Record High Ratio Signals Funding Pressure
The elevated CD ratio reflects the challenges banks face in attracting deposits while meeting robust loan demand. Currently, banks must allocate significant portions of deposits to regulatory requirements before lending becomes possible.
| Allocation: | Percentage | Purpose |
|---|---|---|
| Cash Reserve Requirements: | 3% | RBI mandate |
| Statutory Reserves: | 18% | Regulatory compliance |
| Additional Government Securities: | 3-5% | Liquidity coverage rules |
| Available for Lending: | 75-76% | After allocations |
While the RBI does not prescribe a specific cap for the CD ratio, it has urged lenders to maintain adequate liquidity buffers to meet unexpected withdrawals.
Deposit Growth Lags Behind Credit Expansion
The fundamental challenge stems from the divergent growth rates between credit and deposits. Bank credit demonstrated stronger momentum compared to deposit mobilization during the period.
| Metric: | Growth Rate | Outstanding Amount |
|---|---|---|
| Bank Credit: | 11.40% | ₹202.00 lakh crore |
| Deposits: | 10.10% | ₹248.50 lakh crore |
This growth differential has created the current funding pressure, forcing banks to compete more aggressively for deposits.
Competitive Investment Environment
Banks face stiff competition from alternative investment options that offer more attractive returns. Small savings schemes currently provide 7.10% for three-year deposits, significantly higher than the 6.40-6.50% offered by banks. The challenge intensified after the RBI cut its policy rate by 125 basis points since February 2025, prompting lenders to reduce deposit rates further.
| Deposit Type: | Rate | Period |
|---|---|---|
| Weighted Average Outstanding Term Deposits: | 6.73% | Lowest since September 2023 |
| Fresh Deposits Average: | 5.59% | Lowest since October 2022 |
| Small Savings Schemes: | 7.10% | Three-year deposits |
Alternative Funding Solutions
Banks are actively exploring alternative funding mechanisms to address the CD ratio challenge.
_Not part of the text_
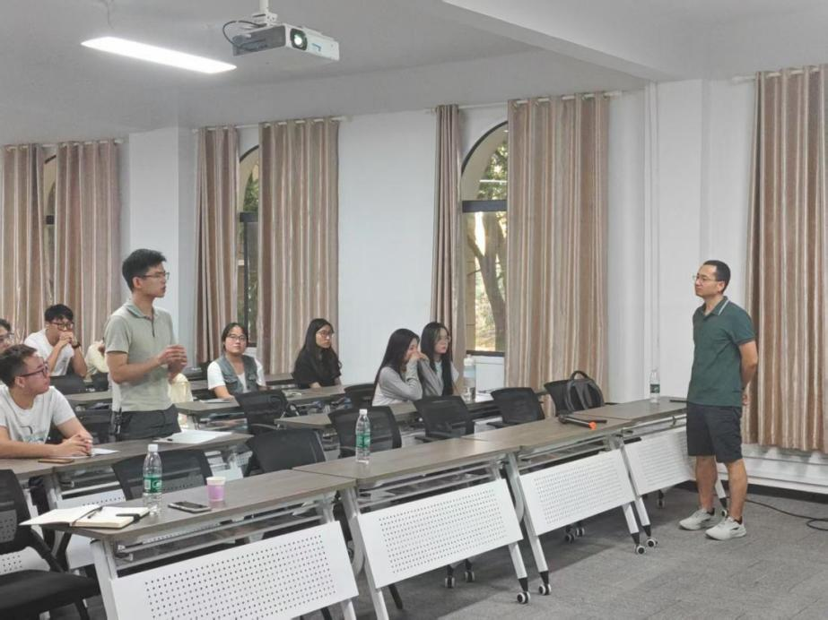 报告结束后,郭志光教授与现场师生开启了一场热烈且深度的互动交流。针对大家提出的“仿生超润湿表面的耐磨性能优化”等专业疑问,结合自身20余年的研究积累,从材料微纳结构设计、实验表征技术选择到实际应用场景适配,进行了细致入微的解答。同时还讲解了如何将科研工作与生活相联系,激发同学们投身化工材料研发、努力实现科研目标的热情。

They have requested the RBI to include bond borrowings in the CD ratio calculation, which would help bring the ratio below 80%. Currently, only deposits and certificates of deposit are considered for computing the ratio.
"To overcome this challenge, banks will have to explore alternative sources such as bond issuance to finance credit growth," said Saurabh Bhalerao, associate director and head of BFSI Research at Care Ratings. "The pace of investments in government securities has slowed, implying banks are deploying funds for lending."
Fresh investments in government securities dropped significantly to ₹1.87 lakh crore on a year-to-date basis until December, compared with ₹4.89 lakh crore in the same period a year earlier.
Future Outlook and Liquidity Support
Bank of Baroda chief economist Madan Sabnavis noted that "ideally, one should look at a broader denominator that includes borrowings and owned funds when calculating the CD ratio." He emphasized that a high CD ratio indicates efficient use of resources, as the number is derived after meeting regulatory requirements.
Banks have maintained nearly 8% higher Statutory Liquidity Ratio (SLR), mostly to comply with Liquidity Coverage Ratio regulations. Looking ahead, industry officials expect the ratio to moderate as deposit growth picks up, supported by substantial liquidity infusion by the RBI. Durable liquidity infusion has pushed reserve money growth to 9.40% (adjusted for CRR cut) as of December 2025, from 6.00% a year earlier.